"Ни страны, ни погоста не хочу выбирать..." - писал Иосиф Бродский. Единственная «страна», которой поэт принадлежал и за которую готов был сражаться, носит название «Литература».
Трудно поверить, что еврейский мальчик, впоследствии самостоятельно овладевший несколькими языками, был неспособен справиться со школьной программой. Но ведь ушел из восьмого класса второгодником! Читал много, но не то, что полагалось. Интересовался историей, философией, религией, как завороженный ходил по старым кварталам Ленинграда.
Нанимался то кочегаром в котельной, то помощником прозектора, то матросом на маяке, то рабочим в геологической экспедиции. «Мне было все интересно, - вспоминал Иосиф Бродский много позже, - я менял работу потому, что хотел как можно больше знать о жизни и людях».
Лет в 18, в экспедиции, он прочел в «Литературной газете» подборку стихотворений Бориса Слуцкого и понял - вот для чего он рожден: поэтическое слово. «Я заражен нормальным классицизмом...» - прозвучит в 1965 году, как манифест. Любимые авторы-учителя: Оден и Цветаева, Кавафис и Фрост, Рильке и Пастернак, Мандельштам и Ахматова.
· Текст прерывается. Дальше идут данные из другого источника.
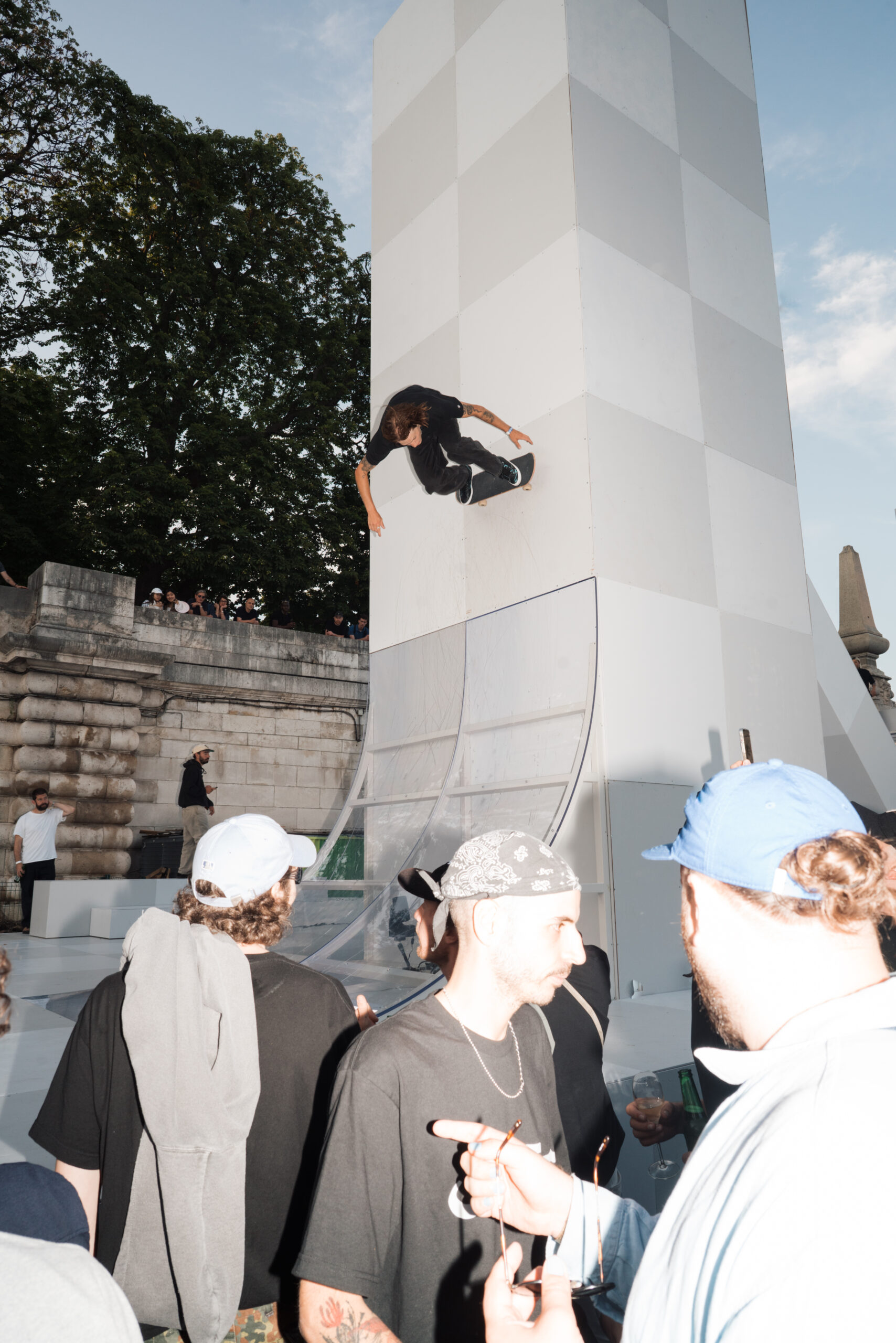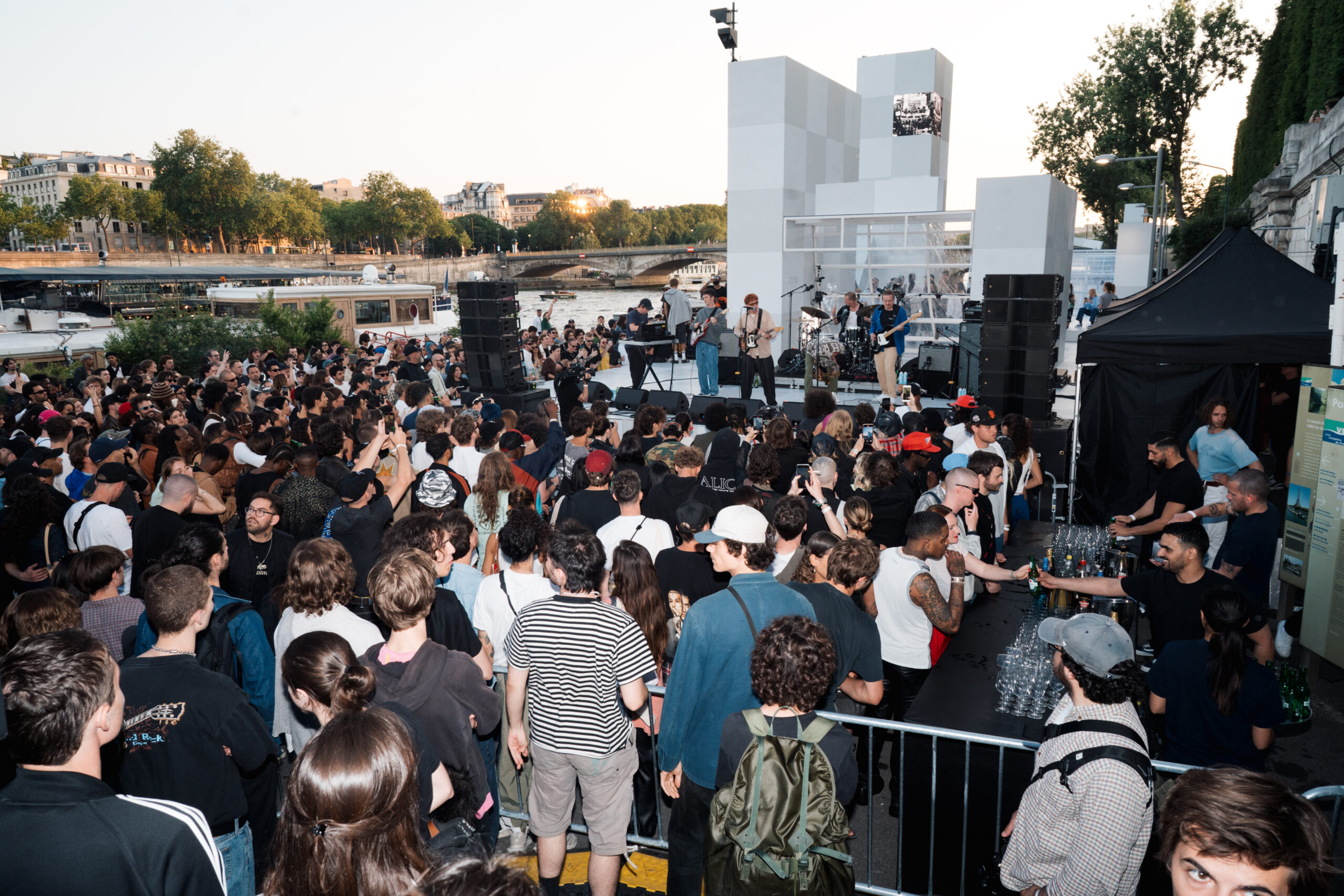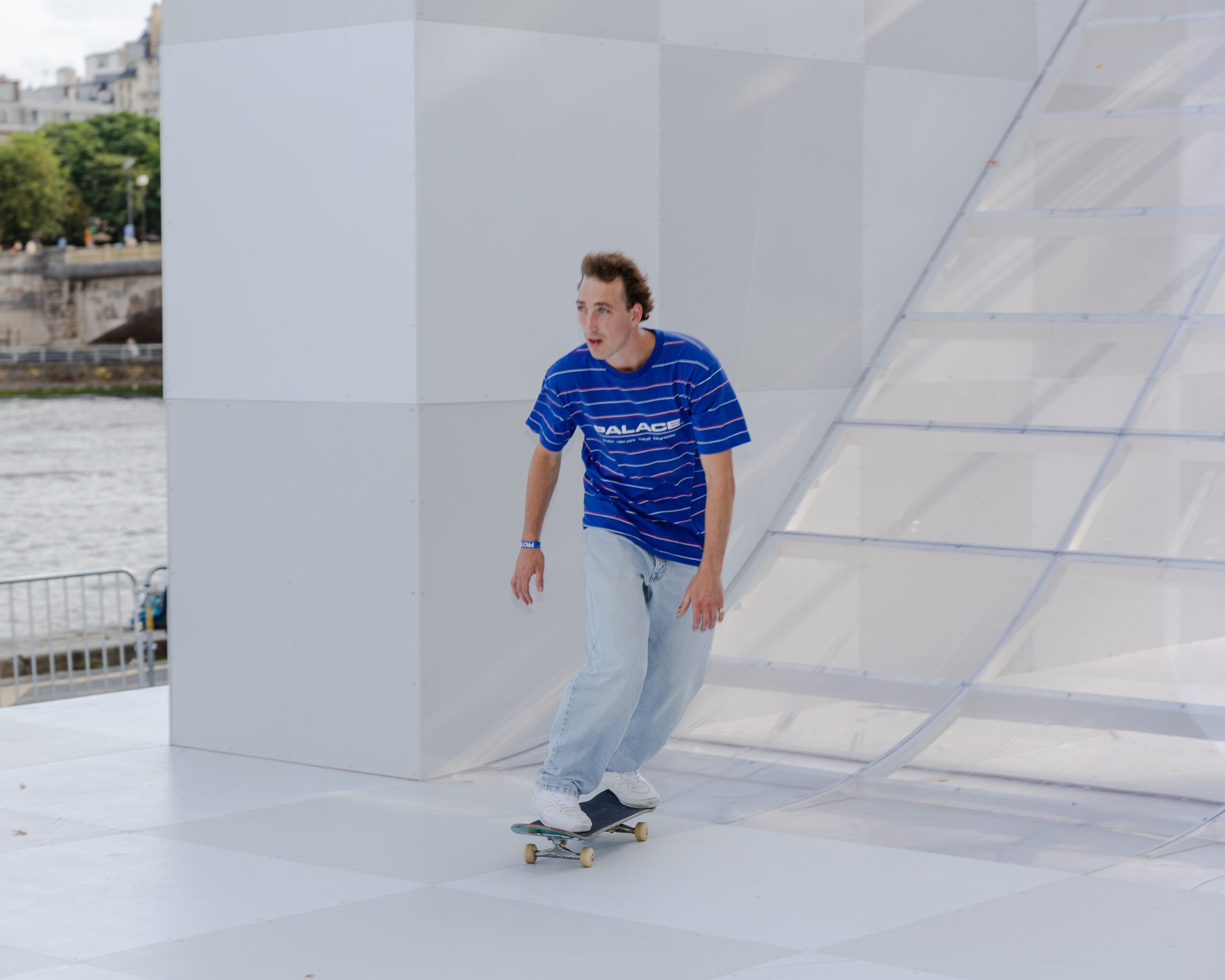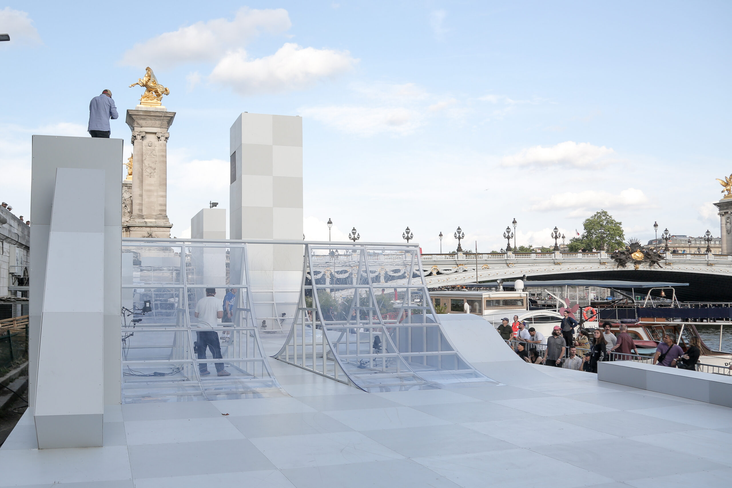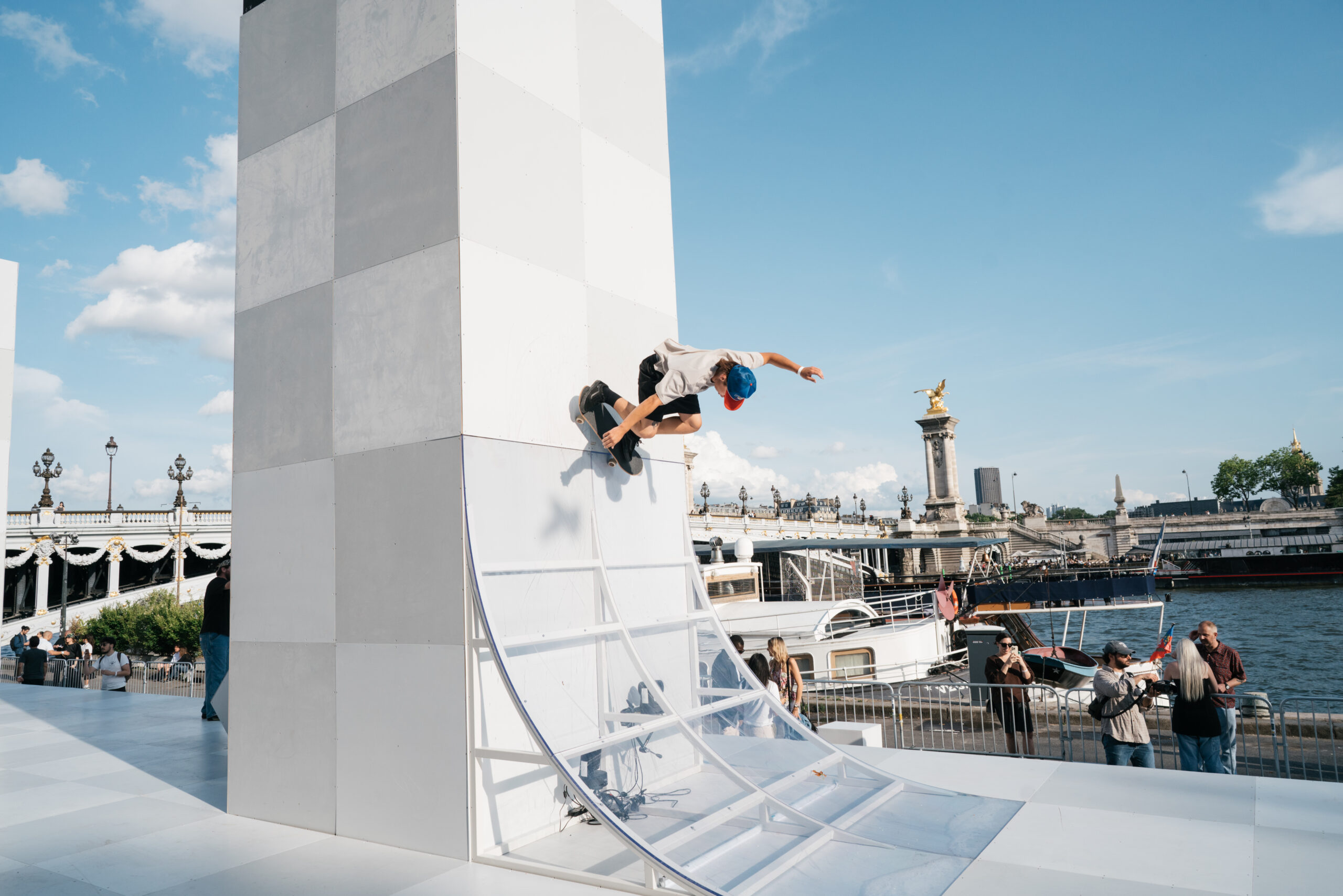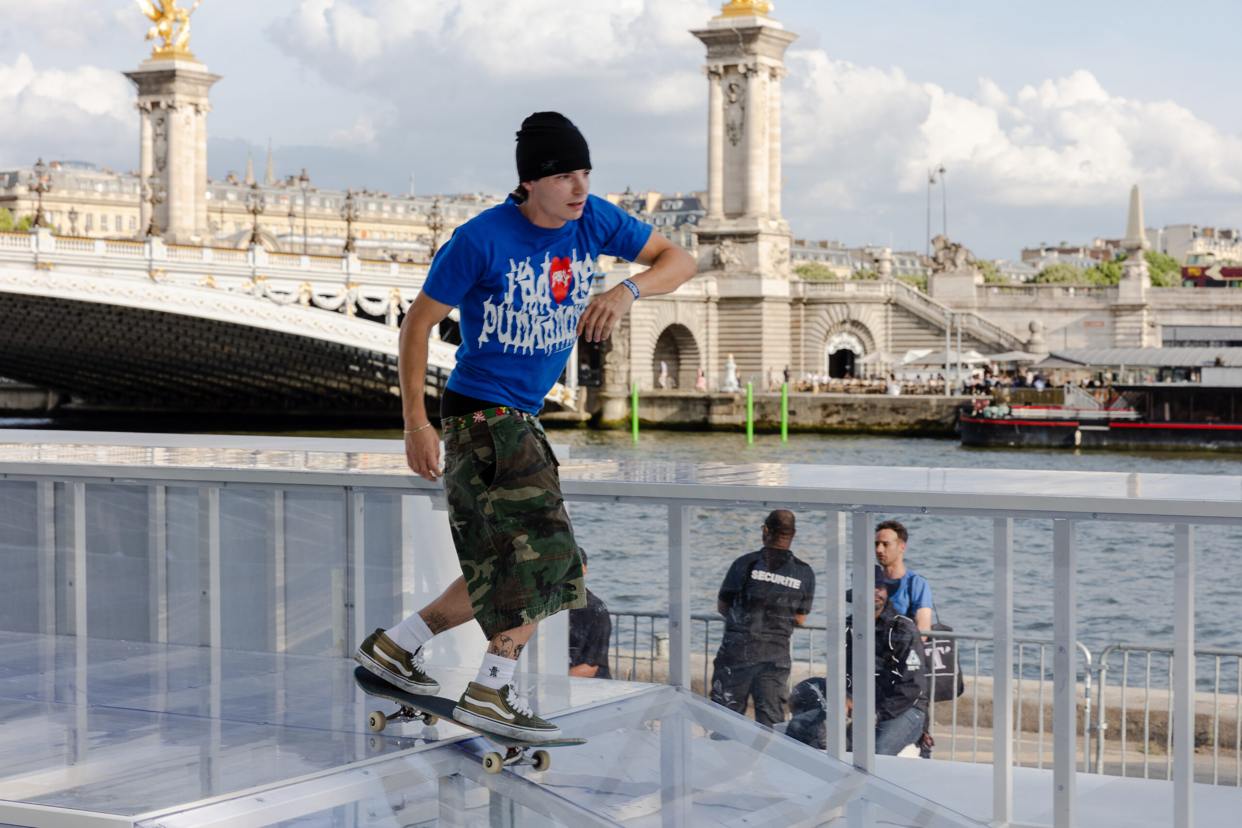 As the sun began to set, the style and skateboarding communities descended upon the banks of the Seine at Pont Alexandre III to witness a monumental skate installation—created in partnership with Unitedfront, PLAYLAB, INC., and California Skateparks—and performance by King Krule.

С последней лично знаком, входит в ее «волшебный круг» молодых поэтов, немного печатается в журналах, переводит и пишет, пишет. О вечном, о любви, из-за которой терзается и страдает (художница Марина Басманова, тоненькая, гениальная, выдержанная - «одна холодная вода» то с ним, то с его другом Дмитрием Бобышевым). По-юношески бескомпромиссен, на тех, кто заигрывает с властями, смотрит свысока. И нарывается.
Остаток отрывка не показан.